This proves that HB is equivalent to the fact that every bounded subset is a subset of a compact set. Clearly, I am doing it on a metric space, only then this makes sense. As pointed out OP seems to understand this equivalence and hence is irrelevant.
Heine-Borel Property:
A metric space $(X, d)$ is said to be Heine-Borel if any closed and bounded subset of it is compact.
You'd like to know the name of those spaces in which a bounded set is contained in a compact set (BIC).
We claim that this property is equivalent to the Heine-Borel (HB) Property.
- $(BIC\implies HB)$ Suppose a space $X$ is $BIC$. Let $B$ bounded subset of $X$. Because $X$ is $BIC$, $B \subseteq K$ where $K$ is compact. If $B$ is also closed, you have closed subset of a compact set which is compact. Hence the space is $HB$.
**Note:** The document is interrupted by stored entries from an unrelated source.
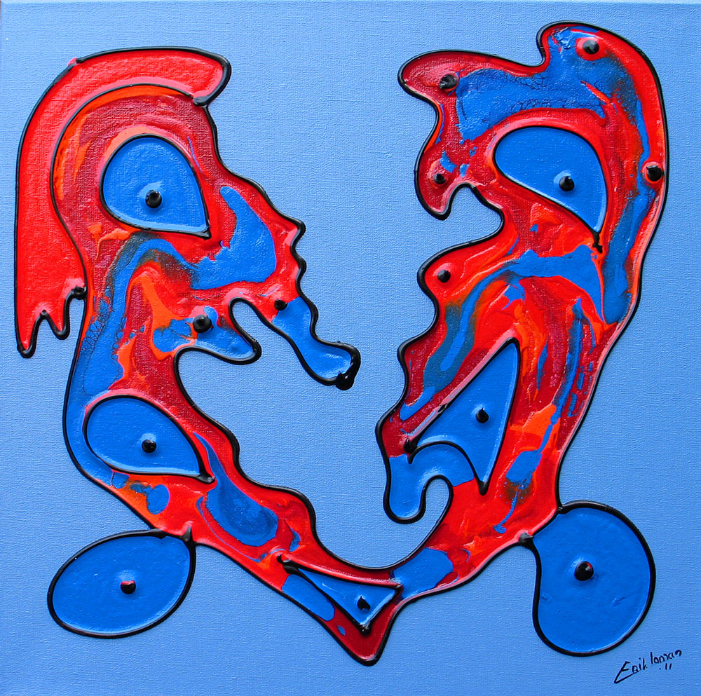 Modern kleurrijk schilderij van kunstenaar Erik Loman. Acryl op linnen, 50x50x4cm, 2010.
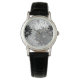 Modern take on a traditional Japanese floral kimono print women's watch - stylised flowers in shades of graphite and light grey / grey, black and white on medium grey background
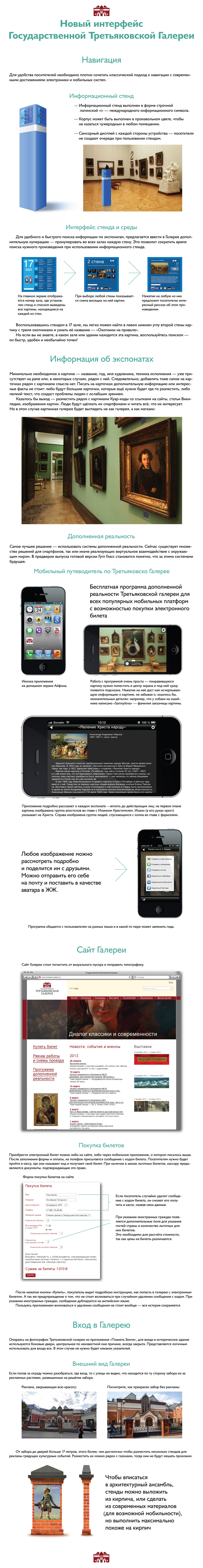 Заключение: я описал два видения решения — будущее и современное, ведь считаю, что для построения хорошего интерфейса сегодня полезно представлять что его заменит через 4 года. Полезно также не думать о технических ограничениях. Интерфейс будет развиваться в сторону упрощения, очеловечивания и пользы, а все технические открытия этому послужат. В будущем не нужно будет вводить пароли, каждый пользователь будет иметь личный опознавательный номер в сети для всех сайтов, не нужно будет подтверждать платеж, за нас это будет делать считыватель сетчатки глаза, не нужно даже думать о том, куда идти, личный электронный помощник все подскажет. Всё сведется к простому: — завтра хочу в Третьяковку, — билет куплен.
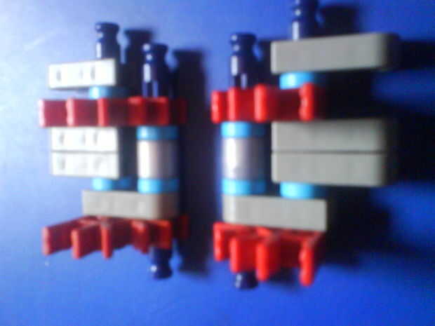 este francotirador dispara varillas gris con rojo conectores Unidos. It´s un francotirador muy potente. sus brotes a través de una caja de zapatos. habían hecho mi hermano y yo.
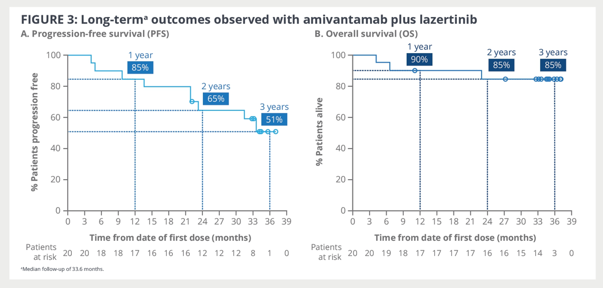 First, the long-term follow-up results of the Phase I CHRYSALIS trial, which used EGFR exon 20 mutation treatment Rybrevant with Leclaza in EGFR-mutated NSCLC, were presented as a poster.
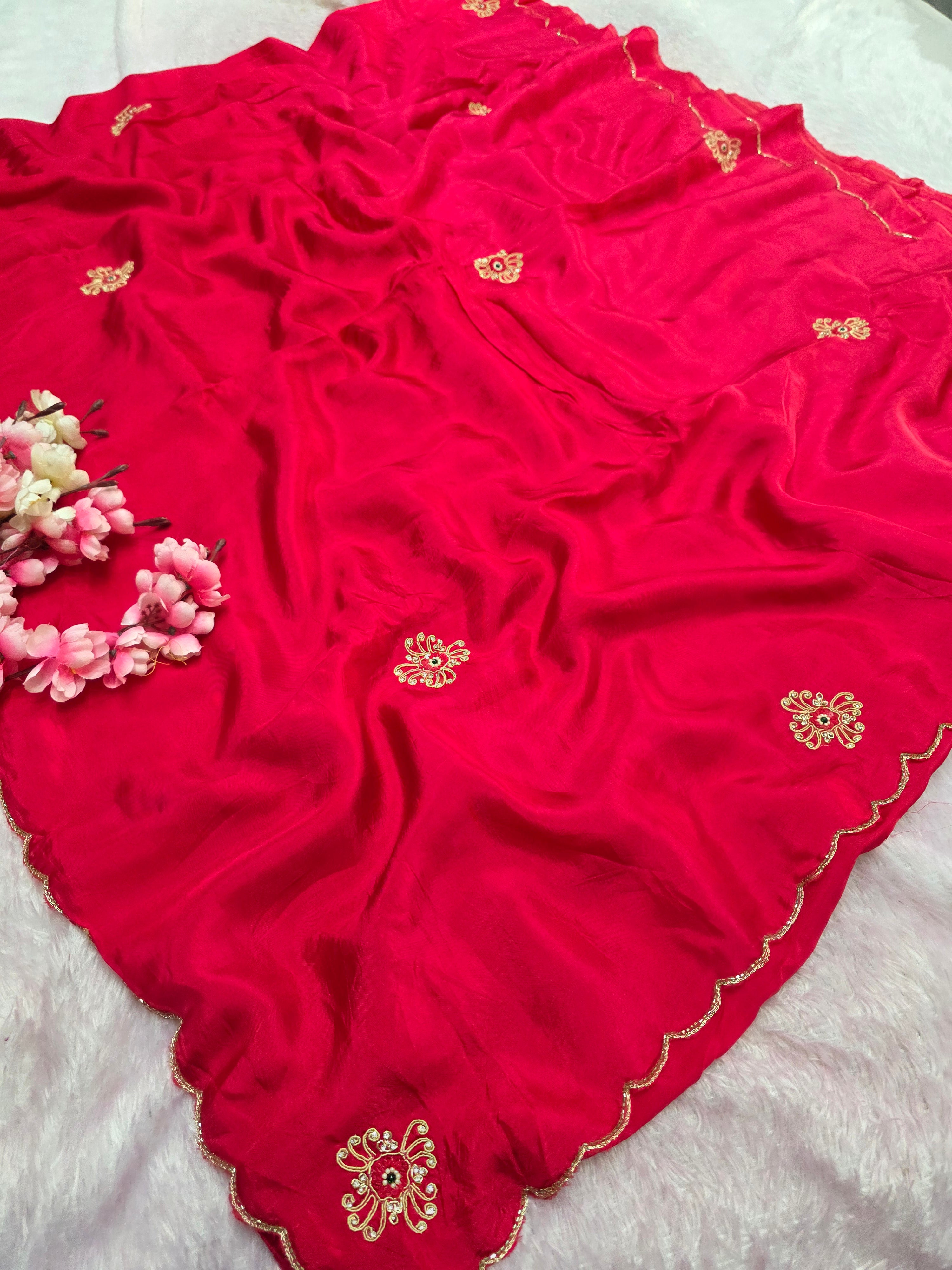 Elevate your ethnic wardrobe with this exquisite pure H.O. silk saree featuring authentic Rajasthani craftsmanship. Adorned with intricate handwork that showcases traditional artistry, this designer saree blends timeless elegance with cultural heritage. The luxurious silk fabric drapes beautifully, making it perfect for weddings, festivals, and special occasions. Each piece reflects the vibrant spirit of Rajasthan through detailed embellishments and rich colors. Experience premium quality and traditional charm in one stunning saree.
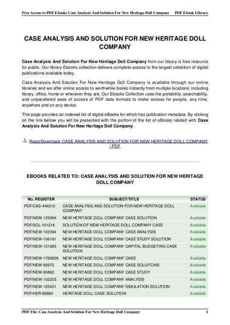 KOQ - Online PDF CASE ANALYSIS AND SOLUTION FOR NEW HERITAGE DOLL COMPANY Reader Google eBookstore
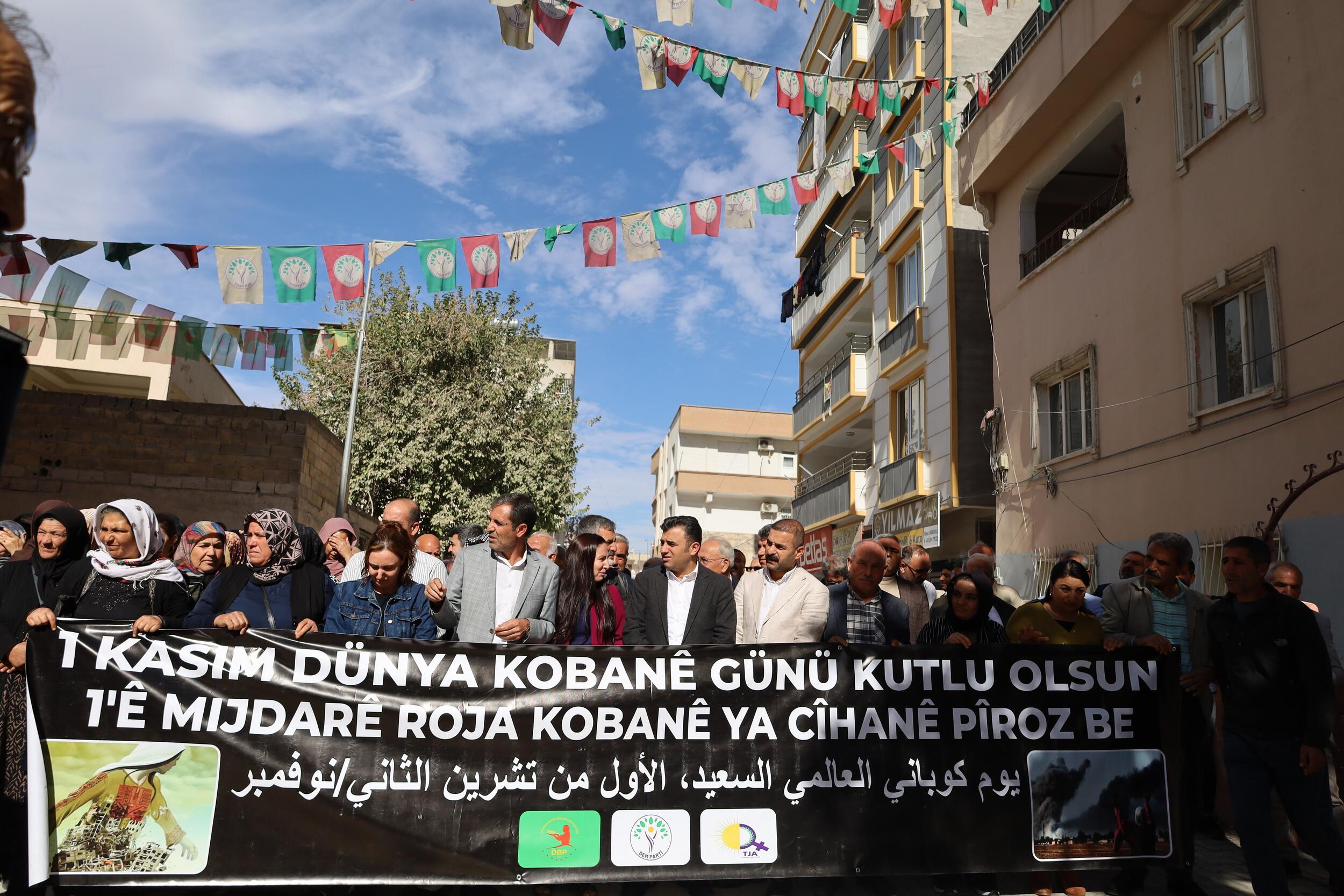Amed’de 1 Kasım Dünya Kobanê Günü dolayısıyla Rêzan (Bağlar) ilçesi Dörtyol Kavşağı’nda bir araya gelen Demokratik Kurumla Platform üyeleri açıklama yaptı. “1’ê Mijdarê roja cîhanê ya Kobanê pîroz be” pankartının açıldığı açıklamada, “Bijî berxwedana Kobanê, “Jin jiyan azadî”, “Bijî Serok Apo”, ve “Bê serok jiyan nabe” sloganları atıldı. Metnin Kürtçe’sini DBP Amed İl Eşbaşkanı Ruçem Elyakut, Türkçesini ise DEM Parti Amed İl Eşbaşkanı Abbas Şahin okudu.
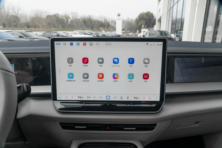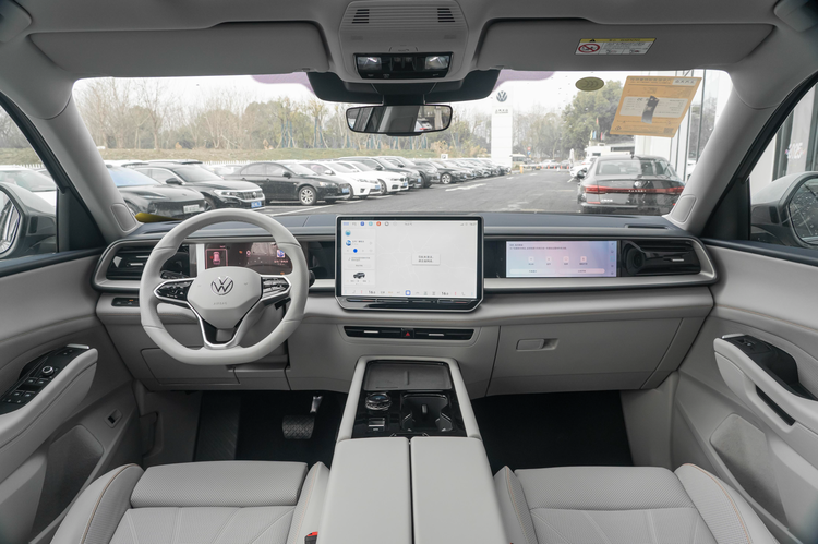 进入车内,途昂Pro的内饰设计同样令人眼前一亮。中控台搭载了液晶仪表、悬浮式中控屏以及副驾驶娱乐屏,同时配备HUD数字抬头显示功能。通过MOS 3.0 GP智慧车联系统,新车可实现六屏联动,科技感相较于现款车型有了显著提升。主副驾驶前方的液晶屏采用嵌入式设计,与两侧空调出风口连接在一起,形成贯穿式布局,使得中控台更加整洁美观。

- $(HB \implies BIC)$ Let $B$ bounded subset of $X$ that has $HB$. We need to find a compact subset $K$ such that $B \subseteq K$. Then the closure, $\bar B$ is closed and bounded, hence compact, because of $HB$ property and note that $B \subseteq \bar B$. Hence, $X$ is $BIC$.
So, we can as well call these Heine-Borel spaces.
In fact, another characterisation of Heine Borel spaces is that, bounded sets are also totally bounded.